ASSIGNMENT: In the listing below, find the line containing "Эра, магазин по" and the line containing "鞋身通体选用大面积黑色覆盖,设计极具未来", then copy exactly everything from the first through the second, except the pictures.

RAW DATA:
== Segment start ==

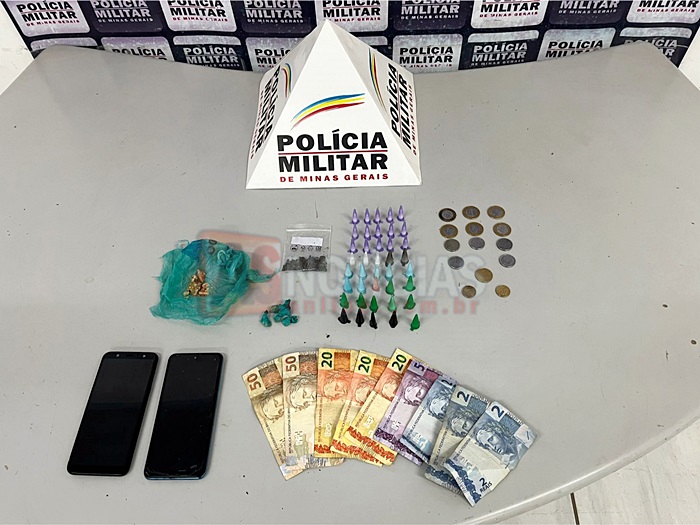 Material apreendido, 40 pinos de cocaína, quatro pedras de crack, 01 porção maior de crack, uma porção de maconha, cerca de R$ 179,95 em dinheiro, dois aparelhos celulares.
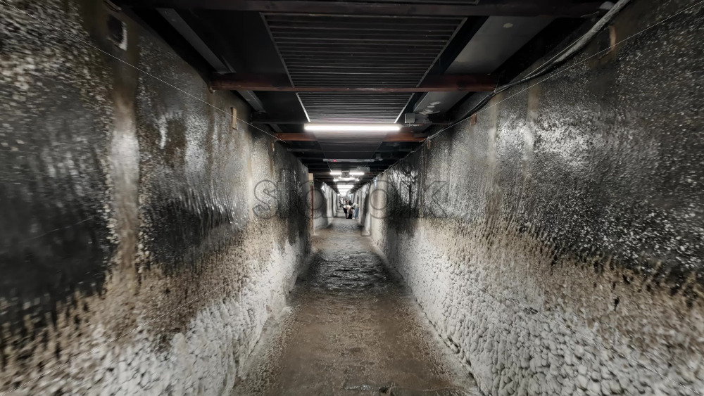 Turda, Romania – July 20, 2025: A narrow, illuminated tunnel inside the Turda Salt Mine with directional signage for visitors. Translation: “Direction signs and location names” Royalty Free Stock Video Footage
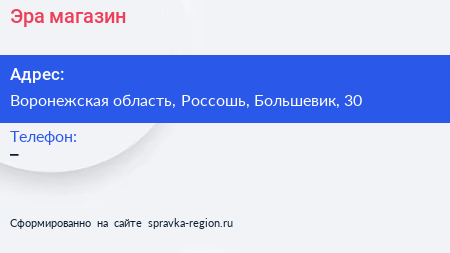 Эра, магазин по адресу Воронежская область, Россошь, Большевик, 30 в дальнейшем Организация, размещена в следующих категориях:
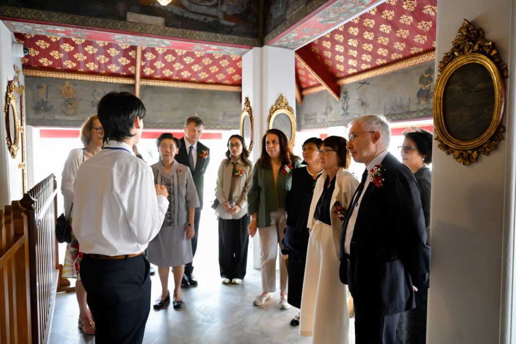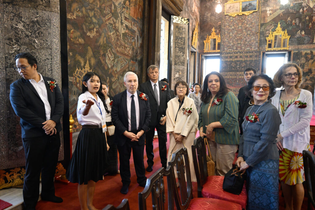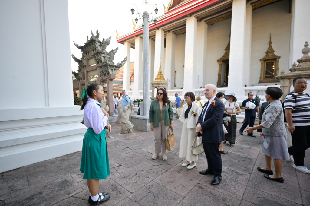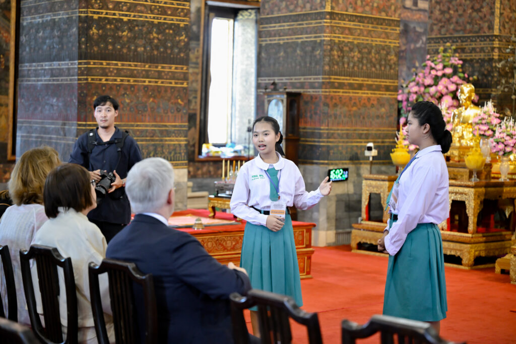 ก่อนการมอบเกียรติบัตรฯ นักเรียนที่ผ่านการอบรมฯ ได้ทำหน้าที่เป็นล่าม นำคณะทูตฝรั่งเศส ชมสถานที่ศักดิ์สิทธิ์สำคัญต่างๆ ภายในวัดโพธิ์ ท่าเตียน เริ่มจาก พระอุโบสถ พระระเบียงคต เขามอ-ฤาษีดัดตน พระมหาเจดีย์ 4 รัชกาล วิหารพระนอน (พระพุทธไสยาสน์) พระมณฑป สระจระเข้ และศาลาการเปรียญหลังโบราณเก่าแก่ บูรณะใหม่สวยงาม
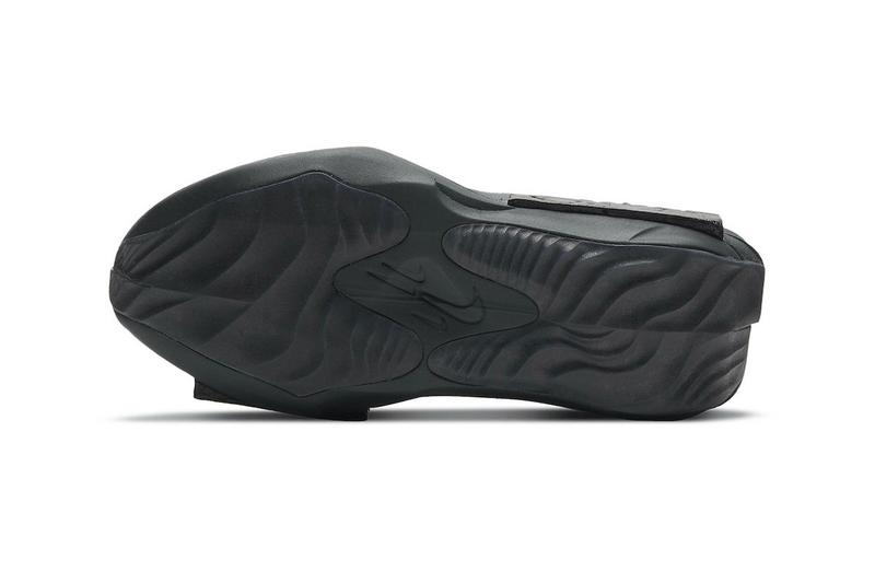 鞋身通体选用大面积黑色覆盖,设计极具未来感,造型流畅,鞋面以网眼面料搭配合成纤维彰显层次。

== Segment end ==
== Segment start ==

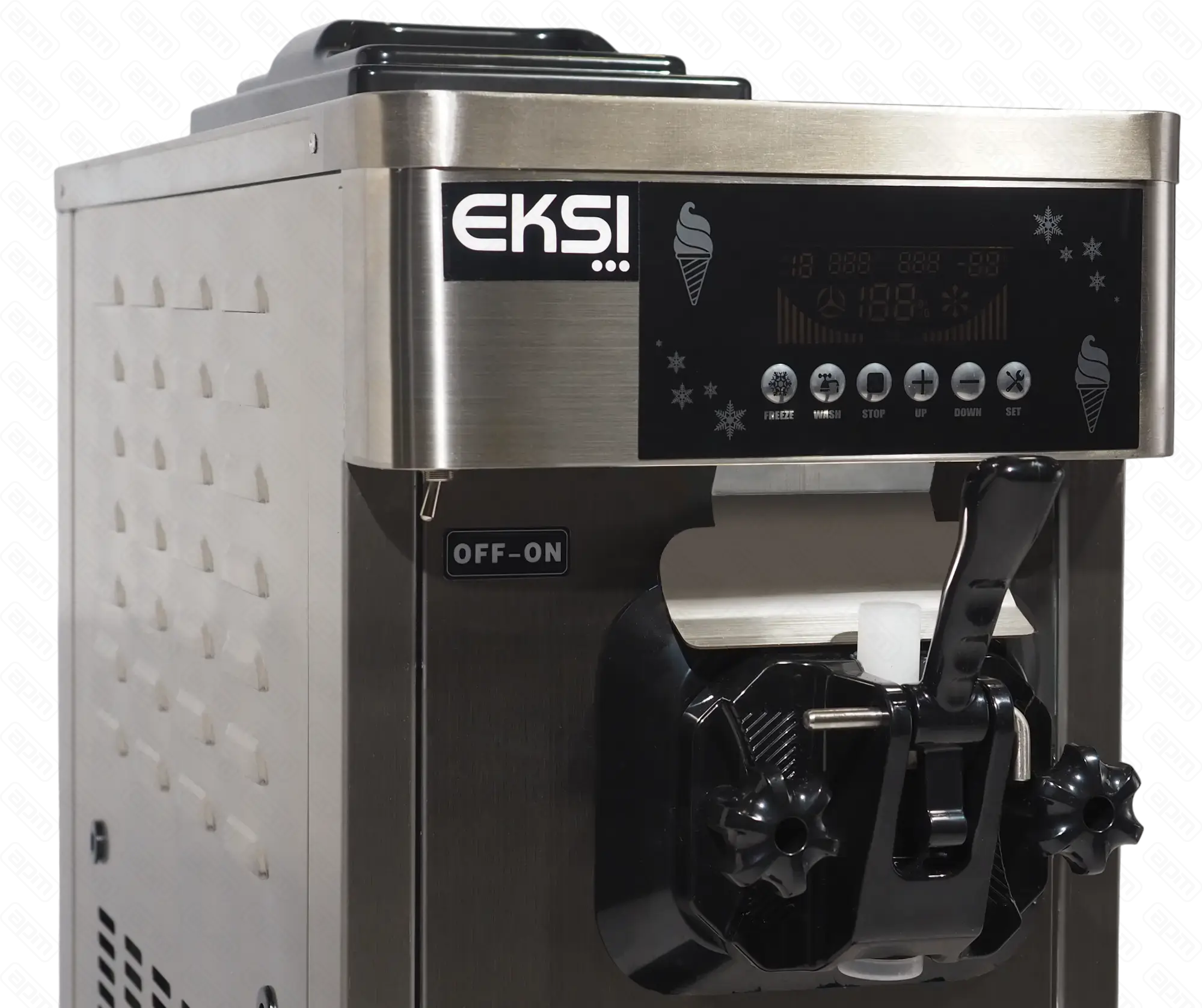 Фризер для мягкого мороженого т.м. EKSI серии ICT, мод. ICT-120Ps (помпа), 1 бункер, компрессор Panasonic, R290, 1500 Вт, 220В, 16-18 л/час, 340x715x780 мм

== Segment end ==

FINISHED TASK:
 Эра, магазин по адресу Воронежская область, Россошь, Большевик, 30 в дальнейшем Организация, размещена в следующих категориях:
 ก่อนการมอบเกียรติบัตรฯ นักเรียนที่ผ่านการอบรมฯ ได้ทำหน้าที่เป็นล่าม นำคณะทูตฝรั่งเศส ชมสถานที่ศักดิ์สิทธิ์สำคัญต่างๆ ภายในวัดโพธิ์ ท่าเตียน เริ่มจาก พระอุโบสถ พระระเบียงคต เขามอ-ฤาษีดัดตน พระมหาเจดีย์ 4 รัชกาล วิหารพระนอน (พระพุทธไสยาสน์) พระมณฑป สระจระเข้ และศาลาการเปรียญหลังโบราณเก่าแก่ บูรณะใหม่สวยงาม
 鞋身通体选用大面积黑色覆盖,设计极具未来感,造型流畅,鞋面以网眼面料搭配合成纤维彰显层次。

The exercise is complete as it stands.